- Born: 1940 Jeddah, Saudi Arabia
- Died: 4 February 2026 (aged 85)
- Occupation: Poet
- Writing career
- Language: Arabic

= Thuraya Qabil =

Saudi Arabian poet and journalist (1940–2026)

Thuraya Muhammad Abdul Qadir Qabil (sometimes spelt as Gabel, ثريا محمد عبد القادر قابل; 1940 – 4 February 2026) was a Saudi Arabian poet and journalist.

==Life and career==
Qabil was born in Jeddah in 1940, and had a degree from the National College in Beirut.

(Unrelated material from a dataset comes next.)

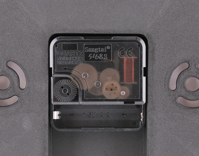 スイープタイプムーブメント(音が静かなタイプ)なので、寝室など静かな空間でも気になりません。また単3電池1本使用(別売)のため交換も簡単です。

With the issuance of The Weeping Rhythms in 1963, she became the first Saudi woman in the Hijaz to publish a poetry collection; she was one of a number of women from the region, including Fatna Shakir, Abdiya Khayyat, and Huda Dabbagh, to become prominent in Saudi letters during the 1950s and 1960s. The collection was a success, and many of its poems became the basis for popular songs, but it remained her only book of verse.

She was active as a journalist, serving as chief editor of Zina magazine from 1986 until 1987 and working as an editor for the newspapers al-Bilad and Ukaz as well.

Qabil died in Jeddah on 4 February 2026, at the age of 85.